Suppose that (1 / (x^2 - x)) is negative and limited by a finite magnitude.

Let M be such that

limit (1 / (x^2 - x) = M

x->0+

Then consider the specific x such that

limit (1 / x^2 - x) = M

x->0+

Let z = 2x

Then

limit (1 / ((z)^2 - z) =

x->0+

limit (1 / ((2x)^2 - 2x) >

x->0+

limit (1/2) *( (1 / ((x)^2 - x) and is also negative.

Hence the hypothesis of the existence of M is false and the limit is negative and unlimited in magnitude, in other words, -∞

in that case just plug in somesmall number that is close to it and see what happens.

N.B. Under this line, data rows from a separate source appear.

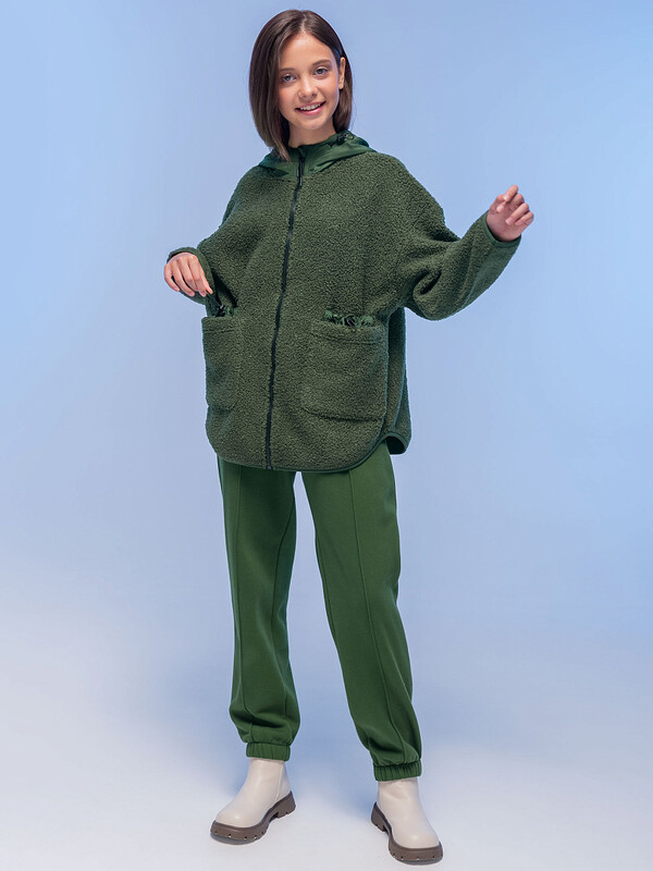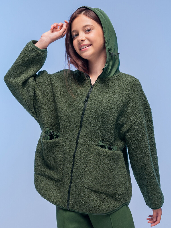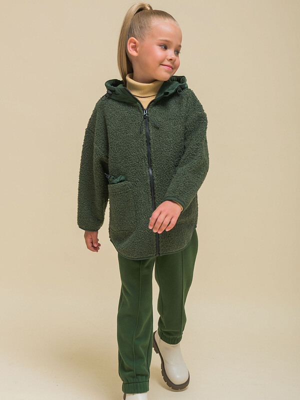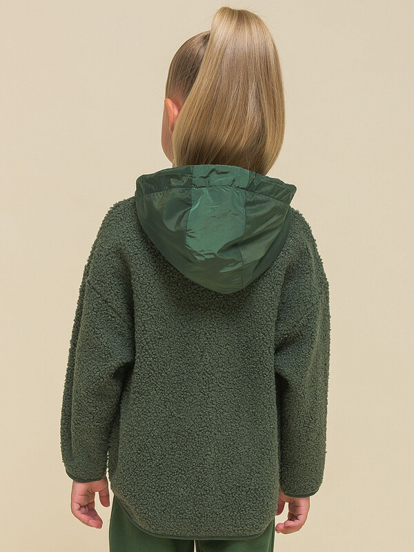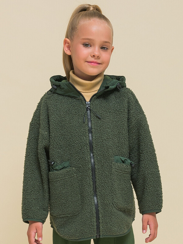 Состав: 100% полиэстер, вставка: 60%нейлон 40%полиэстер Флисовая куртка детская для девочки. Изделие выполнено в сочетании двух материалов: бербер-флиса с мягкой фактурой «барашка» и гладкой курточной ткани. Это один из наиболее актуальных трендов сезона. Капюшон и отделка вдоль застёжки из курточной ткани — максимум практичности. Ребёнок не промокнет, а ткань вдоль молнии не будет мараться при частом использовании. Толстовка детская модного оверсайз-силуэта со спущенным плечом подарит ребёнку комфорт и не будет стеснять его движений. Высокий воротник защищает шею от холода и ветра. По переду застёжка на центральную молнию с крупным пуллером — ребёнку просто застёгивать и расстёгивать. Тканевый стоппер защищает подбородок от зажима молнией. Низ изделия и низ рукавов окантованы эластичной тесьмой — они не растягиваются и сохраняют форму и отличный внешний вид надолго. Куртка с двойными накладными карманами: верхняя часть из основной ткани, внутренняя — из курточной — оригинально и стильно. Объём капюшона и объём внутренних карманов регулируется при помощи эластичной тесьмы со стопперами. Капюшон двухшовный, что обеспечивает анатомически правильную форму и комфортную посадку по голове. Оверсайз-куртка однотонная, без принта. За ней просто ухаживать. Оба материала состоят из полиэстера — толстовка тёплая, лёгкая, мягкая, просто стирается и быстро сохнет, не выгорает и не скатывается, сохраняет отличную форму надолго. Куртка выполнена в зелёном цвете (актуальный оттенок хаки). Размерный ряд: 1 (86); 2 (92); 3 (98); 4 (104); 5 (110); 6 (116); 7 (122); 8 (128); 9 (134); 10 (140); 11 (146). Мягкая куртка идеальна для девочек дошкольного и младшего школьного возраста, а также девочек-подростков. Подходит для детского сада, прогулок, активного отдыха, спорта. Худи с капюшоном можно носить круглогодично: прохладным летом, осенью и весной (демисезон), зимой. Оно может заменить ветровку в начале осени или конце весны, а зимой послужит тёплым средним слоем одежды. Стильный и практичный подарок дочери, внучке или сестре на Новый год и любой другой праздник. Комментарии к товару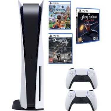 Sony Playstation 5 Console And Extra Controller Games Demon Souls, Marvel Spider Man Miles Morales, Sackboy A Big Adventure, UAE Version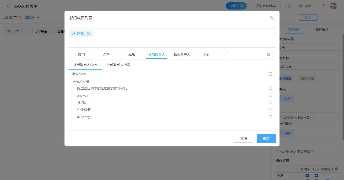 可以将外部联系人设置流程负责人、抄送人、转交人等,接收流程消息并处理流程。
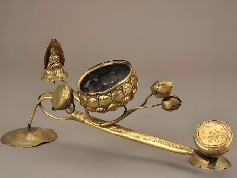 其中一件香炉,整体造型宛如一支横放的莲花,银质鎏金质地。荷叶向下生长成为托座,一朵莲花亭亭玉立,化为炉身,錾刻而成的莲瓣生动逼真。炉下支出一条茎干,上面有一尊佛像,含苞待放的花蕾蜿蜒生长,整个香炉显得生机勃勃。此类香炉存世数量极少,因而异常珍贵。

in first part you have x->0+ this means that x>0 but very close to it (so you can try x=0.001 or x=0.000000000001 or x=0.0000000000000000000000001 etc.)

it is worth mentioning that because x>0 result will be positive since 1/(small positive number) is also positive but large number.

also note that x^2 grows fast if x>1 but it becomes smaller if x<1.

for example 2^2=4, 3^2=9 etc. (growing)

but

0.5^2=0.25; 0.25^2=0.0625 (decreasing)

also note that any number squared is positive

this is why in second example you have denominator negative since magnitude of x is greater than x^2 (because x is small)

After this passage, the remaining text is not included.